*** Opening Data supplied ***

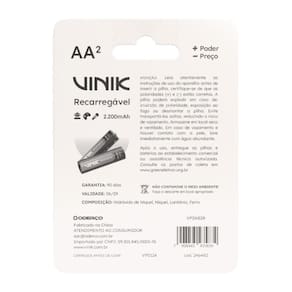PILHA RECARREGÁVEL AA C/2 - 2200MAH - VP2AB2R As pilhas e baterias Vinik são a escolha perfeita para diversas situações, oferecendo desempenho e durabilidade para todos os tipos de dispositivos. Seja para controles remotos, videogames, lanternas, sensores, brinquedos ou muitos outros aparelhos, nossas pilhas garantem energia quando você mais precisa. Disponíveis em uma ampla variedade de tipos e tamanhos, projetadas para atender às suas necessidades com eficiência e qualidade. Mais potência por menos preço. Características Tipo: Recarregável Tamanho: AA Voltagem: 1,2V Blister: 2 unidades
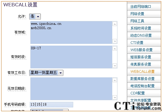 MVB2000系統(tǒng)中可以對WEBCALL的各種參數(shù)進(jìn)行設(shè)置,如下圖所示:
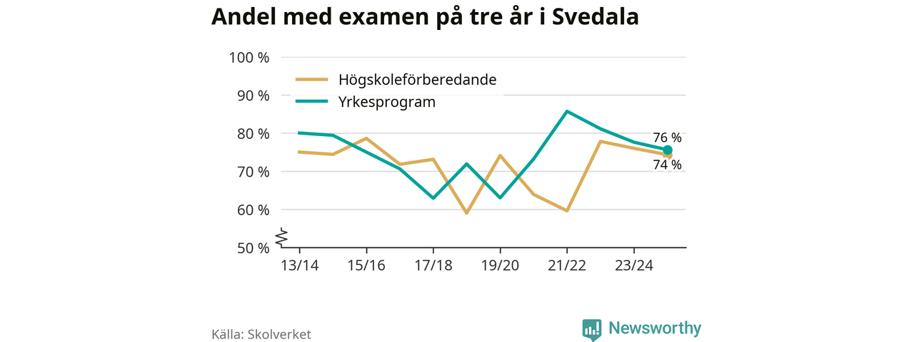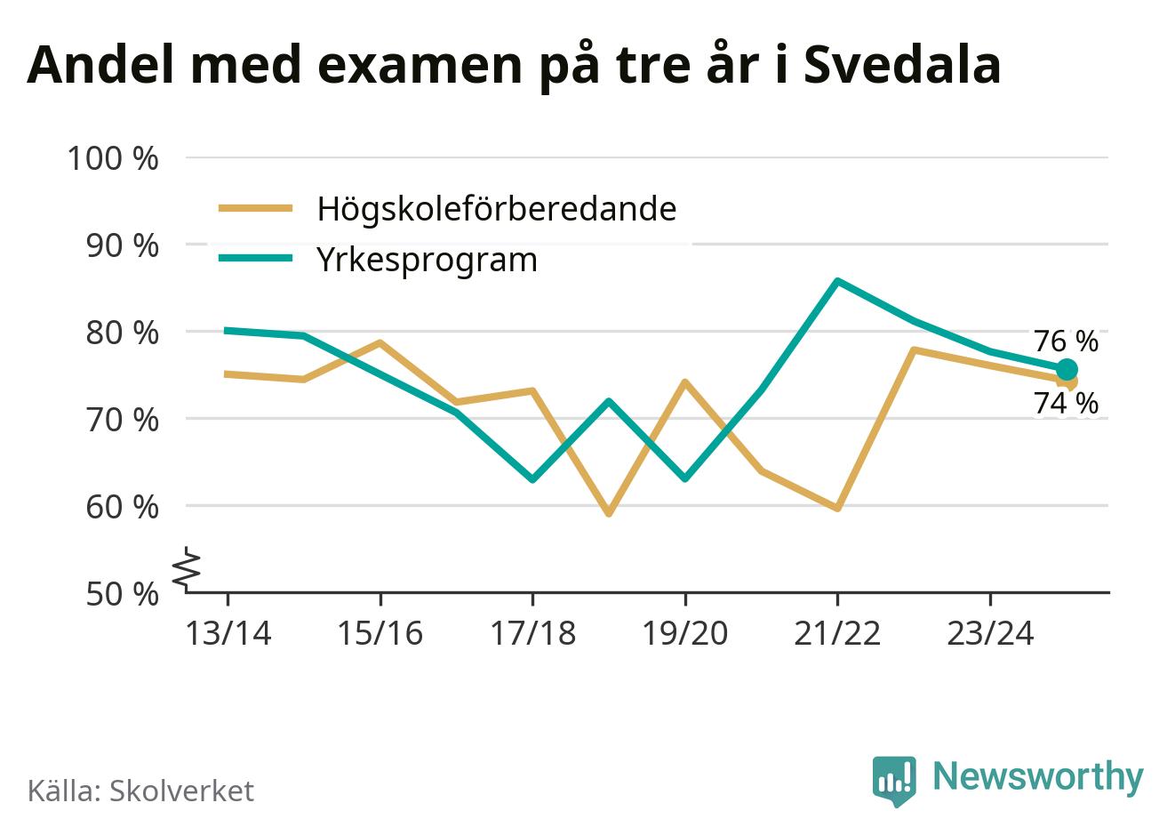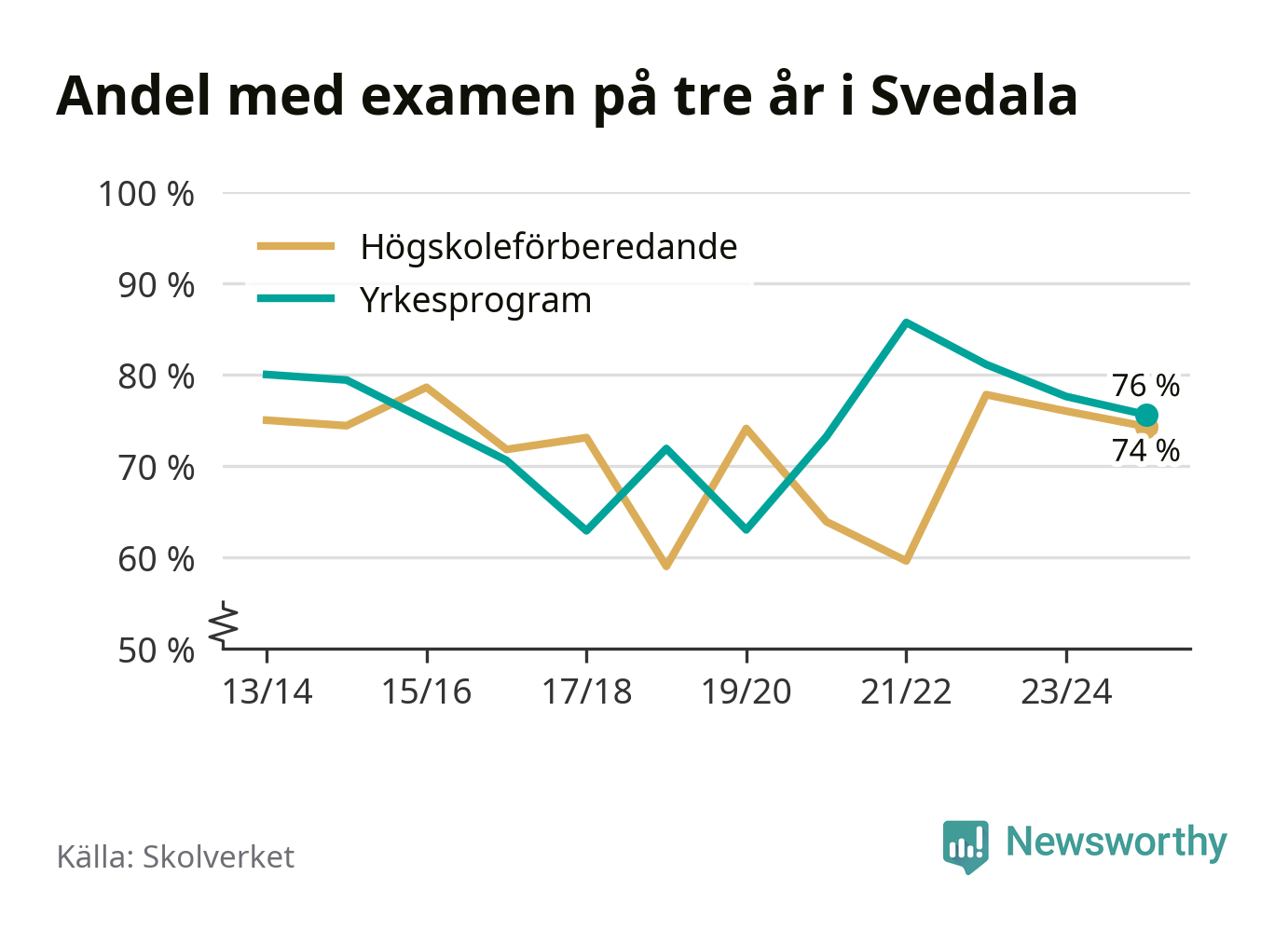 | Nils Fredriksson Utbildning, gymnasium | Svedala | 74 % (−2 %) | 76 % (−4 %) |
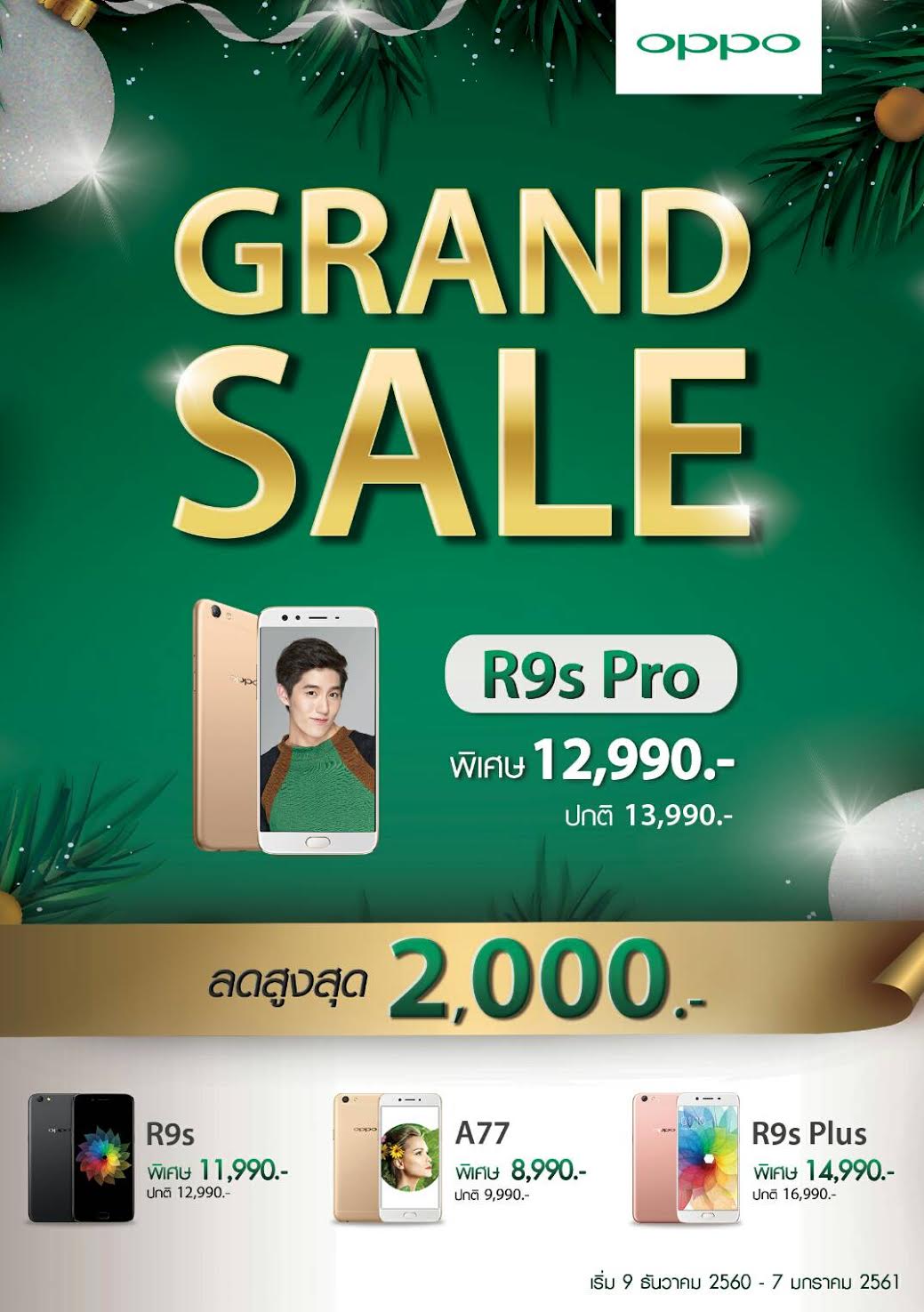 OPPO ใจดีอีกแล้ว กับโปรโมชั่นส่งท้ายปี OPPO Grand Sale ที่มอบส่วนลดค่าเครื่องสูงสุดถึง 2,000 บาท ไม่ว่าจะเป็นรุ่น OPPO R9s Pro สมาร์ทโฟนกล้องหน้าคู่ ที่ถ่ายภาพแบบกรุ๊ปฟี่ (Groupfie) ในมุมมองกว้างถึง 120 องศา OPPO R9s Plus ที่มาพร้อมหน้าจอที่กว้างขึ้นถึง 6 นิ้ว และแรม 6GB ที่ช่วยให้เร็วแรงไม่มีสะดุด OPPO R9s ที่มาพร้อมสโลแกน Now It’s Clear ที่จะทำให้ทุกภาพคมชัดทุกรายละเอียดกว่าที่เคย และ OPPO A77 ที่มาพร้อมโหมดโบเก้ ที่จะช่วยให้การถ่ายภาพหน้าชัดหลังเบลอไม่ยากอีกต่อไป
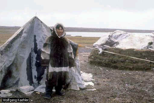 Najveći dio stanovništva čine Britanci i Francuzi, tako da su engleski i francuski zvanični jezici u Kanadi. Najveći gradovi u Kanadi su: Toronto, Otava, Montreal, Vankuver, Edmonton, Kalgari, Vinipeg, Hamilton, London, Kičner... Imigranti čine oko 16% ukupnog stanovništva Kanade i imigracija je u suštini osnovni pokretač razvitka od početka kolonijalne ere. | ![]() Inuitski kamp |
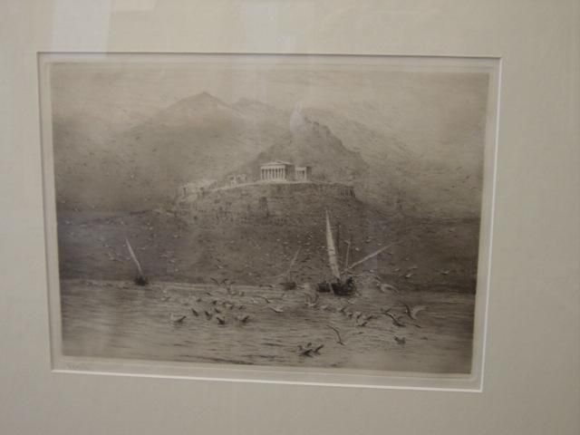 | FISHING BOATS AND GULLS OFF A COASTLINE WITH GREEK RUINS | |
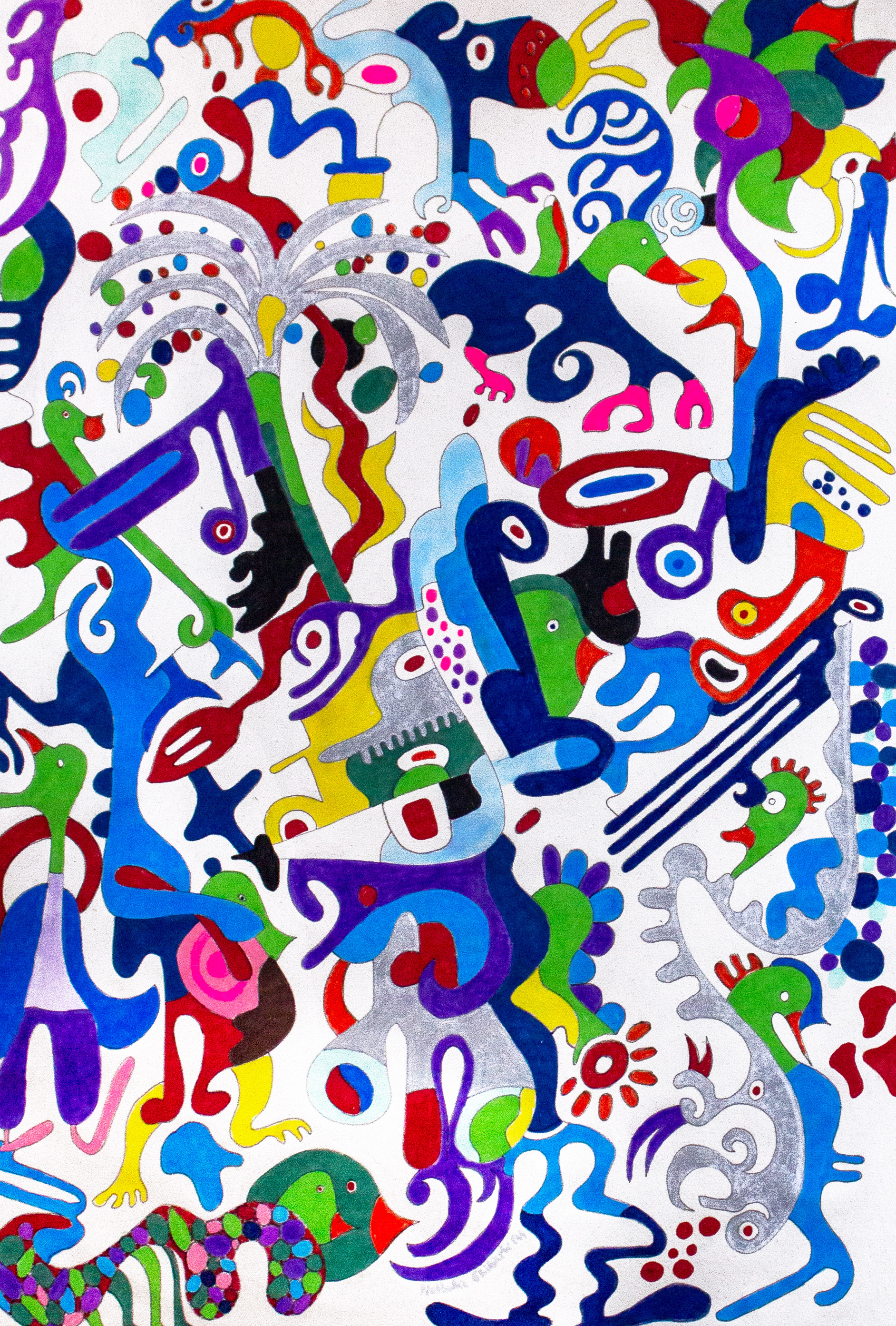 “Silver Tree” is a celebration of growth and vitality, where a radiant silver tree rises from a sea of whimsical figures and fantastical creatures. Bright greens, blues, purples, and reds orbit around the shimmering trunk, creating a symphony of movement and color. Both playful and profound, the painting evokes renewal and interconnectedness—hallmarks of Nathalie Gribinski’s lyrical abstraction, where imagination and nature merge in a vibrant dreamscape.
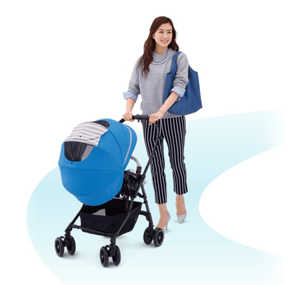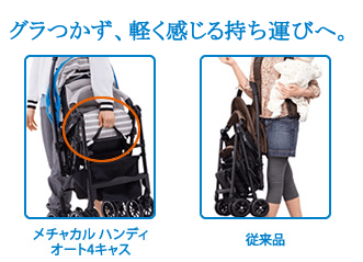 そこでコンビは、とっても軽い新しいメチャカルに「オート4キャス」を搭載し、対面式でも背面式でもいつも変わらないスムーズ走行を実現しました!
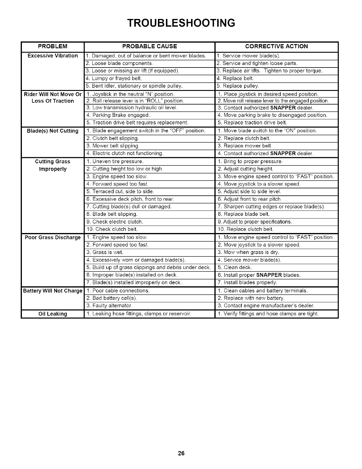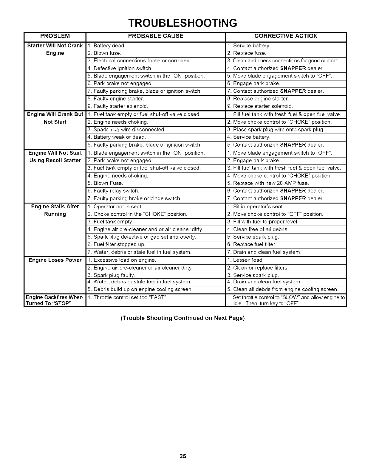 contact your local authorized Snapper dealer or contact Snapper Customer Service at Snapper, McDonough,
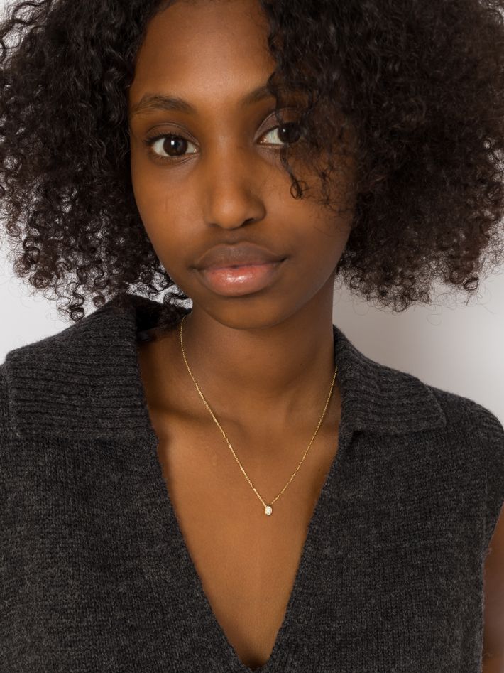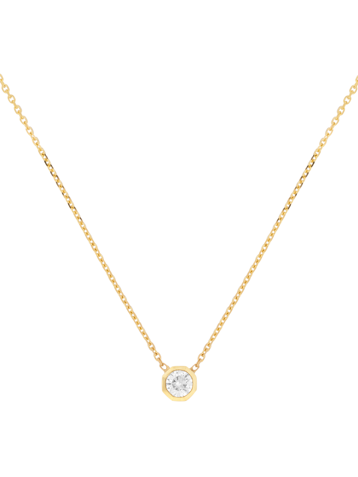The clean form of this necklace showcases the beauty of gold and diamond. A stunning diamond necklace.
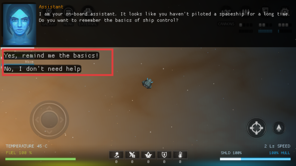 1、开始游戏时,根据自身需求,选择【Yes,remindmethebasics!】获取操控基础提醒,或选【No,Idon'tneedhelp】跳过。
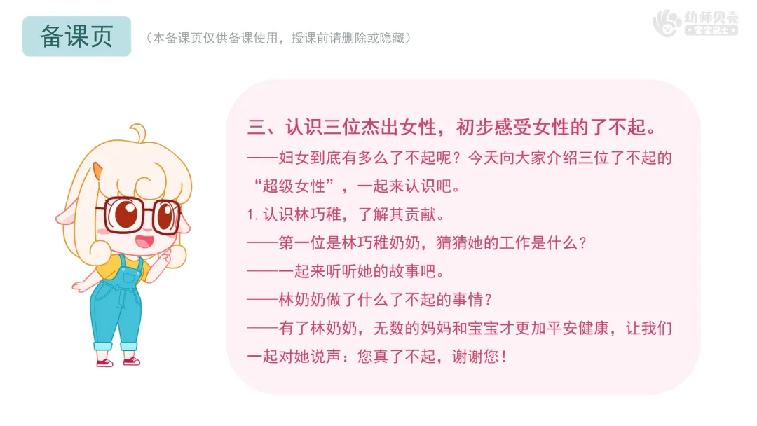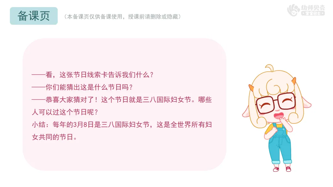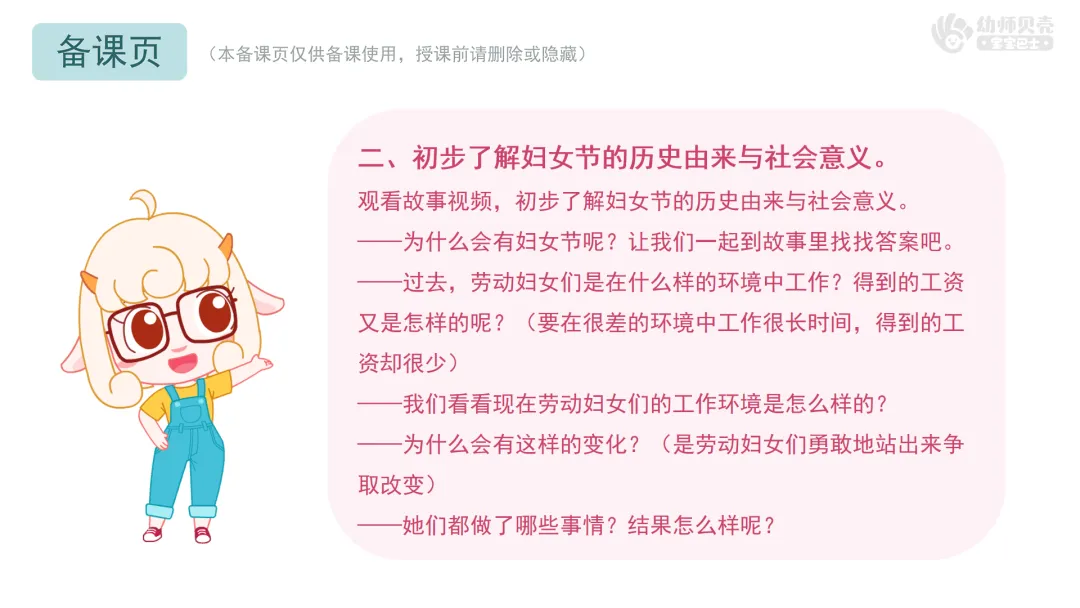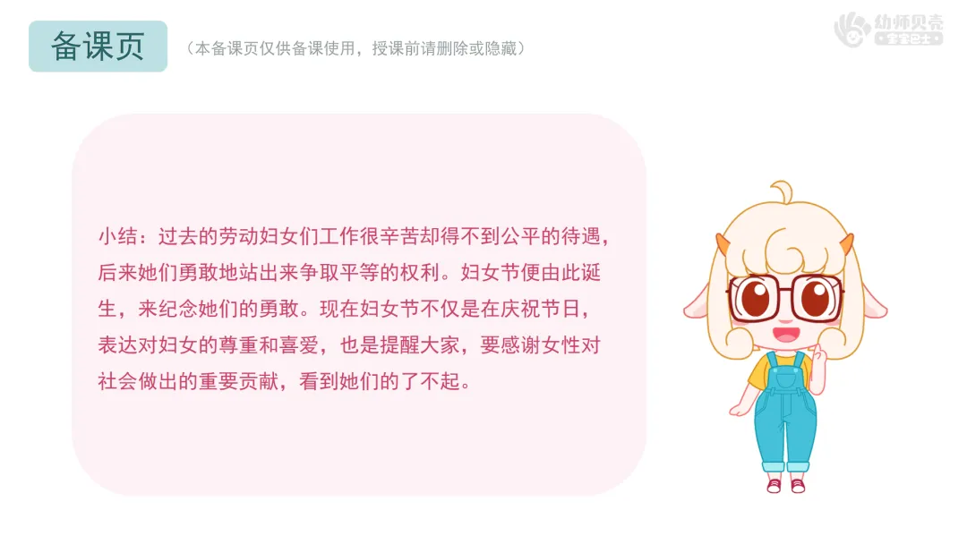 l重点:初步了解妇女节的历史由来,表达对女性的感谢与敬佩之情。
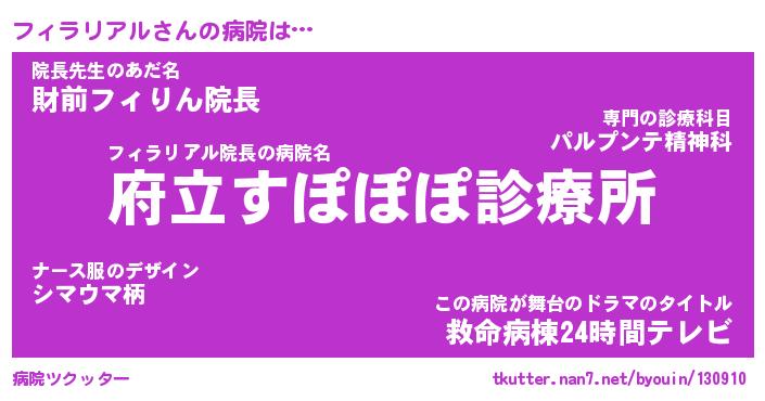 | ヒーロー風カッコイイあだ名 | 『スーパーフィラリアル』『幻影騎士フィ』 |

*** Closing Data supplied ***

Transcribe the data exactly, minus any images.

PILHA RECARREGÁVEL AA C/2 - 2200MAH - VP2AB2R As pilhas e baterias Vinik são a escolha perfeita para diversas situações, oferecendo desempenho e durabilidade para todos os tipos de dispositivos. Seja para controles remotos, videogames, lanternas, sensores, brinquedos ou muitos outros aparelhos, nossas pilhas garantem energia quando você mais precisa. Disponíveis em uma ampla variedade de tipos e tamanhos, projetadas para atender às suas necessidades com eficiência e qualidade. Mais potência por menos preço. Características Tipo: Recarregável Tamanho: AA Voltagem: 1,2V Blister: 2 unidades
 MVB2000系統(tǒng)中可以對WEBCALL的各種參數(shù)進(jìn)行設(shè)置,如下圖所示:
 | Nils Fredriksson Utbildning, gymnasium | Svedala | 74 % (−2 %) | 76 % (−4 %) |
 OPPO ใจดีอีกแล้ว กับโปรโมชั่นส่งท้ายปี OPPO Grand Sale ที่มอบส่วนลดค่าเครื่องสูงสุดถึง 2,000 บาท ไม่ว่าจะเป็นรุ่น OPPO R9s Pro สมาร์ทโฟนกล้องหน้าคู่ ที่ถ่ายภาพแบบกรุ๊ปฟี่ (Groupfie) ในมุมมองกว้างถึง 120 องศา OPPO R9s Plus ที่มาพร้อมหน้าจอที่กว้างขึ้นถึง 6 นิ้ว และแรม 6GB ที่ช่วยให้เร็วแรงไม่มีสะดุด OPPO R9s ที่มาพร้อมสโลแกน Now It’s Clear ที่จะทำให้ทุกภาพคมชัดทุกรายละเอียดกว่าที่เคย และ OPPO A77 ที่มาพร้อมโหมดโบเก้ ที่จะช่วยให้การถ่ายภาพหน้าชัดหลังเบลอไม่ยากอีกต่อไป
 Najveći dio stanovništva čine Britanci i Francuzi, tako da su engleski i francuski zvanični jezici u Kanadi. Najveći gradovi u Kanadi su: Toronto, Otava, Montreal, Vankuver, Edmonton, Kalgari, Vinipeg, Hamilton, London, Kičner... Imigranti čine oko 16% ukupnog stanovništva Kanade i imigracija je u suštini osnovni pokretač razvitka od početka kolonijalne ere. | ![]() Inuitski kamp |
 | FISHING BOATS AND GULLS OFF A COASTLINE WITH GREEK RUINS | |
 “Silver Tree” is a celebration of growth and vitality, where a radiant silver tree rises from a sea of whimsical figures and fantastical creatures. Bright greens, blues, purples, and reds orbit around the shimmering trunk, creating a symphony of movement and color. Both playful and profound, the painting evokes renewal and interconnectedness—hallmarks of Nathalie Gribinski’s lyrical abstraction, where imagination and nature merge in a vibrant dreamscape.
 そこでコンビは、とっても軽い新しいメチャカルに「オート4キャス」を搭載し、対面式でも背面式でもいつも変わらないスムーズ走行を実現しました!
 contact your local authorized Snapper dealer or contact Snapper Customer Service at Snapper, McDonough,
The clean form of this necklace showcases the beauty of gold and diamond. A stunning diamond necklace.
 1、开始游戏时,根据自身需求,选择【Yes,remindmethebasics!】获取操控基础提醒,或选【No,Idon'tneedhelp】跳过。
 l重点:初步了解妇女节的历史由来,表达对女性的感谢与敬佩之情。
 | ヒーロー風カッコイイあだ名 | 『スーパーフィラリアル』『幻影騎士フィ』 |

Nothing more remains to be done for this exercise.